My point isn’t that Google, Netflix, Amazon, Yelp or any of the others are doomed. But I do think there’s an opportunity brewing for entrepreneurs, websites and companies to add editorial components to the algo-crowd paradigm.

Plenty of startups are already investing in this space:

Quora /  FormSpring /  StackExchange – as compared to answers from Google or even Wikipedia, where either the ordering of results or the source of the answer are unknown and free of responsibility, these modern Q+A sites have put the power in the hands of crowds, algorithms and experts.

Techmeme / Memeorandum / Mediagazer –   a crowd of bloggers produces content and cites each others’ work.

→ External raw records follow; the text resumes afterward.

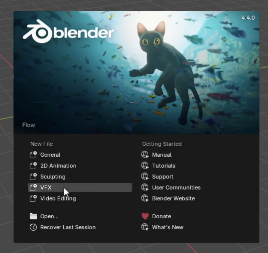 - 스플래시 스크린(Splash Screen): 최근 작업 파일 열기, 새 파일 생성, 매뉴얼 접근 등이 가능한 초기 화면이 나타납니다.
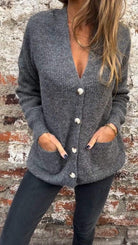 Denne smukke strikkede cardigan er et must-have i enhver garderobe. Det enkle design med store dekorative knapper og praktiske lommer skaber et tidløst look, mens den bløde kvalitet sikrer maksimal komfort. Perfekt til både hverdagsbrug og hyggelige dage.
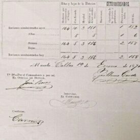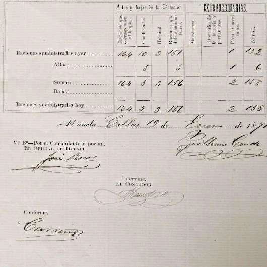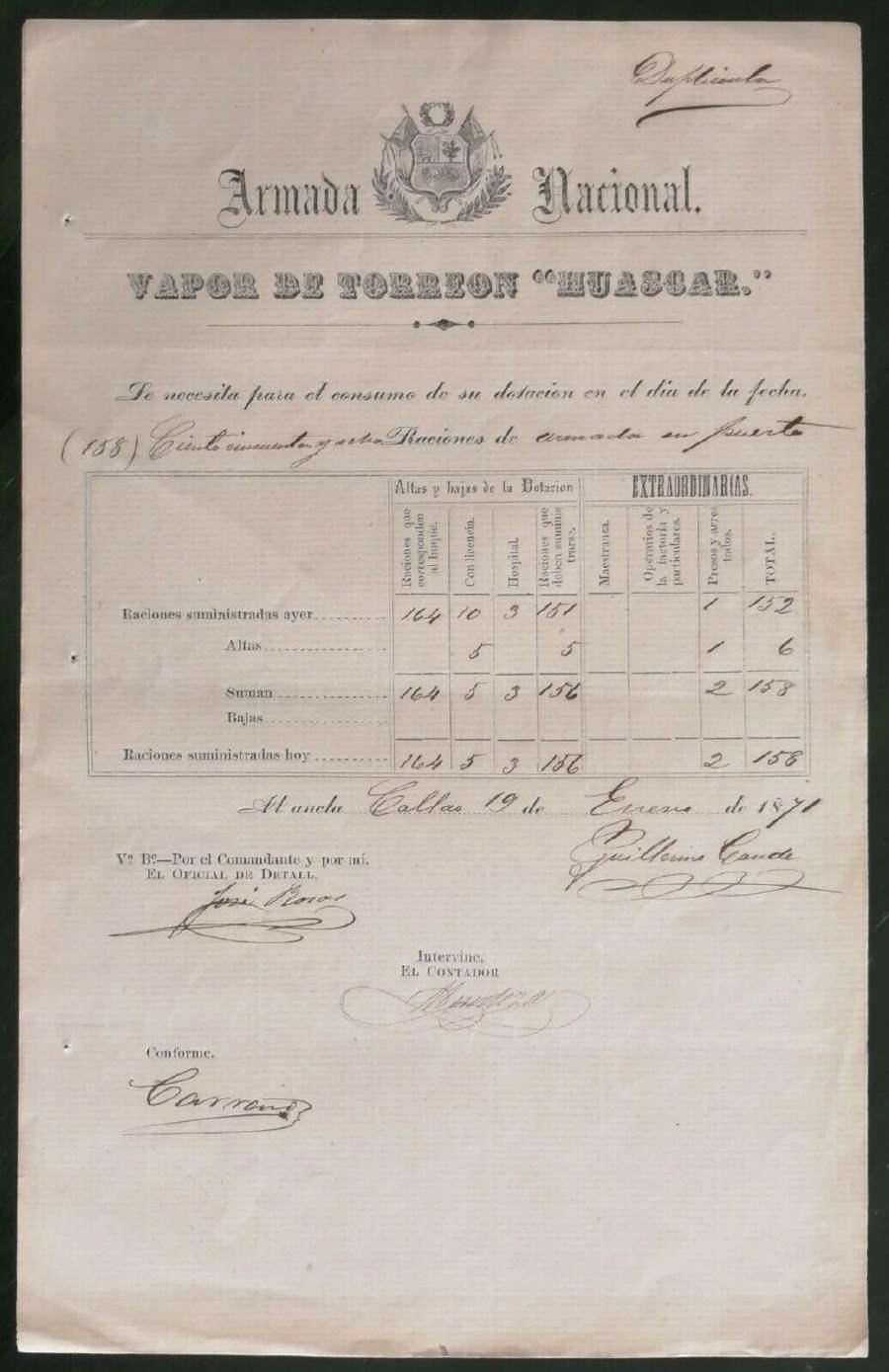 Manuscrito e impressão, 1871. Documento duplicata com a impressão da Marinha e Armas Nacionais. Pedido de suprimentos da Marinha para o vapor de torreão "Huáscar", de cento e cinquenta e oito rações no porto da Marinha. Assinado pelo Oficial Guillermo Conde e aprovado por José Rosas, contador de Mendoza, datado de 19 de janeiro de 1871, Callao. Estado regular de conservação, com vincos, rasgos e manchas nas bordas.
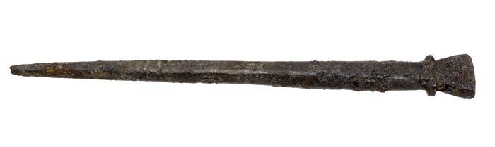 Koperen punt van messchede met lineaire versiering, ...

The algorithm compiles and sorts while curators (Gabe Rivera’s editorial team) insure quality and timeliness.

Alltop – Guy Kawasaki’s curated collection of feeds aggregates and sorts content by sector. Currently, the algorithmic portion is missing, but I suspect it can’t be long.

Oyster / Raveable – Travel review sites are notoriously problematic, either too noisy with user comments and reviews of specious quality or bereft of authenticity by financially motivated affiliates. Oyster solves this pounding the pavement, sending editorial reviewers to hotels and writing their own reviews, then leveraging user data + algorithmic rankings/organization to help users find the ideal choice. Raveable combines light editorial curation with a powerful datamining and sorting algorithm to ease the hotel finding process.

Groupon / LivingSocial / Gilt Group – Coupon and deal sites have been around the web for a decade, but these three (and   a gaggle of similar ones) revolutionized the industry and are becoming some of the biggest brands online thanks to social features (crowdsourcing their marketing and deals), algorithmic filtering for personalization/localization and editorial curation (so the deals they show are actually worth clicking).

TheSixtyOne / Pandora / Last.fm / Spotify – Music recommendations have been getting better and better, and the latest crop are all moving toward a mashup of algorithmic, crowdsourced and editorial sources to bring symphonic rapture to users.

I think we’re going to see more of this in the future, possibly even in some of the sites/services I first referenced (Yelp, Amazon, Netflix, et al.). It’s my belief that the algorithm and the crowd can be made even stronger with the addition of a third leg – the opinionated,  benevolent  editor(s).